Стелла. Что ты хочешь сказать?
Все та же песенка Бланш.
Стэнли. Эй, канарейка! Распелась? А ну-ка давайте из ванной! Сколько раз повторять?
Дверь из ванной распахивается, со звонким смехом выпорхнула Бланш, но, когда Стэнли проходит мимо, в лице ее мелькнул ужас. А он и не взглянул на нее, проходит в ванную, хлопнув дверью.
Бланш (беря щетку для волос). Ох, до чего же все-таки хорошо после долгой горячей ванны! Такая благодать… как прохладно, как легко на душе…
Стелла (из кухни, печально и недоверчиво). Правда, Бланш?
Бланш (с силой проводит щеткой по волосам). Да – такой прилив сил. (В руке ее весело зазвенел высокий стакан виски со льдом.) Горячая ванна да холодный виски – и вся жизнь предстает совершенно в новом свете. (Глянула из-за драпировки на Стеллу и перестает причесываться.) Что-то случилось! Что?
Стелла (поскорее отворачиваясь в сторону). Ну что ты, Бланш, ничего не случилось.
Бланш. Неправда! Случилось… (Расширившимися от страха глазами смотрит на Стеллу, та делает вид, будто поглощена приготовлением стола.)
Где-то далеко-далеко пианино захлебнулось в бешеном пассаже и смолкло, словно мелодия со всего разгону налетела на что-то, сорвалась и – вдребезги…
Картина восьмая
Три четверти часа спустя. За большими окнами – город, уже почти неразличимый в золотистых сумерках. Отблеск заката пламенеет на водонапорной башне или большой нефтяной цистерне, выходящей на пустырь, за которым открывается вид на деловую часть города. Она пунктирно обозначена вдали светящимися точками окон – зажгли свет, или еще не погас на них закат. За столом – трое, невеселая праздничная трапеза идет к концу. Стэнли поглядывает мрачновато, словно задумал недоброе. Стелла смущена и печальна. На лице Бланш застыла деланная, натянутая улыбка. Четвертый прибор на столе так и остался нетронутым.
Бланш (прерывая общее молчание). Отпустили бы хоть какую-нибудь шуточку, Стэнли. Ну, расскажите же что-нибудь, а? Что это на вас на всех вдруг нашло – не пойму. Потому что я отвергнута поклонником, да?
Стелла делает жалкую попытку рассмеяться.

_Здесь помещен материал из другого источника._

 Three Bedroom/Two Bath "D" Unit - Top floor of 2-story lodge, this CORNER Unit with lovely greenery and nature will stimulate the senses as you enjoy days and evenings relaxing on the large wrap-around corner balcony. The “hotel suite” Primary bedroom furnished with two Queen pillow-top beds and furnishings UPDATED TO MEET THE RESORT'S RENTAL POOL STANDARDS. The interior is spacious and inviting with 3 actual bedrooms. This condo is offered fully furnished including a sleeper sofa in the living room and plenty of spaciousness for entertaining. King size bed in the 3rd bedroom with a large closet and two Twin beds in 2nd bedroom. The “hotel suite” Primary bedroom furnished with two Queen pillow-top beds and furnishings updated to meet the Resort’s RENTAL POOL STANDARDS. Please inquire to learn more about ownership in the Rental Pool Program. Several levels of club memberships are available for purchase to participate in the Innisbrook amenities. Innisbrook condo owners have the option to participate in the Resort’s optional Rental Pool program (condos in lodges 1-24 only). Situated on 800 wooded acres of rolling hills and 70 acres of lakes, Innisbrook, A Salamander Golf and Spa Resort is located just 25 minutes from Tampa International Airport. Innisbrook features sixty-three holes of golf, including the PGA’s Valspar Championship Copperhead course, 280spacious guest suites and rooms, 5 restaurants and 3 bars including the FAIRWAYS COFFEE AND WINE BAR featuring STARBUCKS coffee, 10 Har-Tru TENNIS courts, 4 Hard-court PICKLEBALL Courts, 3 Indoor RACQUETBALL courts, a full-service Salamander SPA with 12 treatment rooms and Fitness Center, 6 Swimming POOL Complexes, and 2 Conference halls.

Да, такого со мной еще не случалось, а опыт у меня немалый, и каких только мужчин я не знавала на своем веку, но чтобы самая настоящая отставка… Ха-ха! Не знаю уж, что и думать… Ну, расскажите же, Стэнли, анекдот, да посмешней. Нужно же разрядить атмосферу.
Стэнли. По-моему, до сих пор вы моих анекдотов не одобряли, Бланш.

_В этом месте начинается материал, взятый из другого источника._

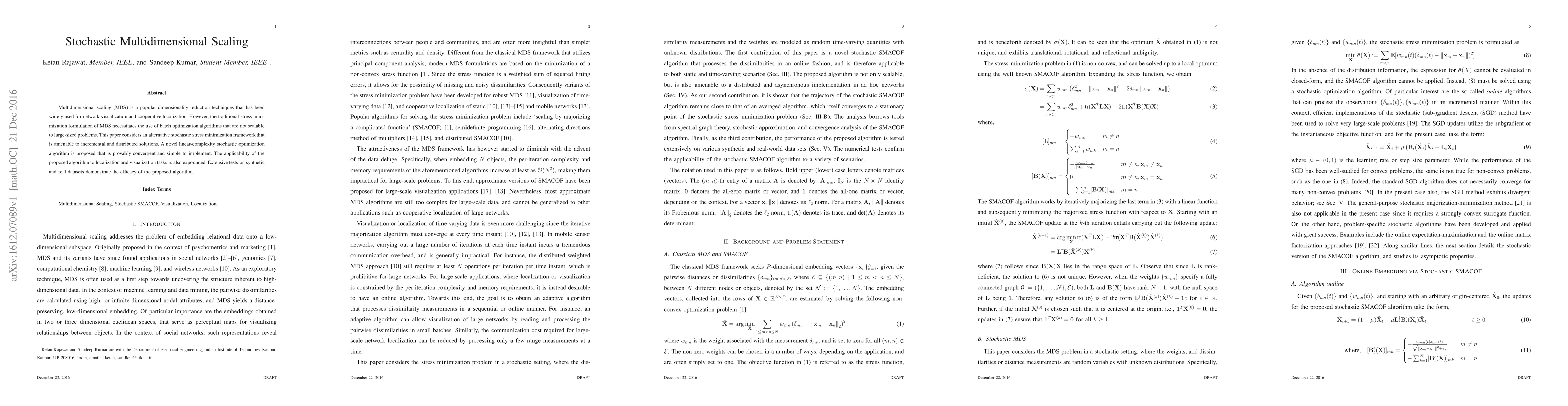 Researchers propose a new stochastic stress minimization framework for multidimensional scaling that is provably convergent and scalable to large-sized problems, demonstrating its efficacy on synthetic and real datasets.

Бланш. Нет, если занятно и без непристойностей, то почему же?
Стэнли. Да где мне – у вас слишком тонкий вкус, еще не угодишь.
Бланш. Тогда давайте уж я сама.
Стелла. Правда, Бланш, расскажи! Тряхни стариной.
Вдали зазвучала музыка.
Бланш. Ну, что ж… только что бы вам такое… Сейчас, сейчас, надо заглянуть в наш репертуар. Ах да! обожаю эти – из цикла о попугаях. А вы?.. Ну, ладно – об одной старой деве и попугае. Так вот, был у этой старой девы попугай, отчаяннейший сквернослов – такие знал виртуозные загибы, похлеще мистера Ковальского.
Стэнли. Х-ха!
Бланш. И утихомирить этого попугая было только одно средство – набросить на клетку покрывало, тогда он решал, что настала ночь и пора на боковую. И вот как-то раз – а дело было утром – только старая дева откинула с клетки покрывало на день, как вдруг… кого бы вы думали, видит у входа?.. Священника! Ну, она со всех ног к попугаю и поскорее – покрывало на клетку, и только уже после этого впускает священника. Попугай себе сидит смирнехонько, тихо, как мышь; но стоило ей спросить гостя, сколько ему положить сахару в кофе, как тот вовсю: (свистит) …да как ляпнет: «Ну, черт его подери, и короткий же выдался нынче денек!» (Запрокинула голову, смеется.)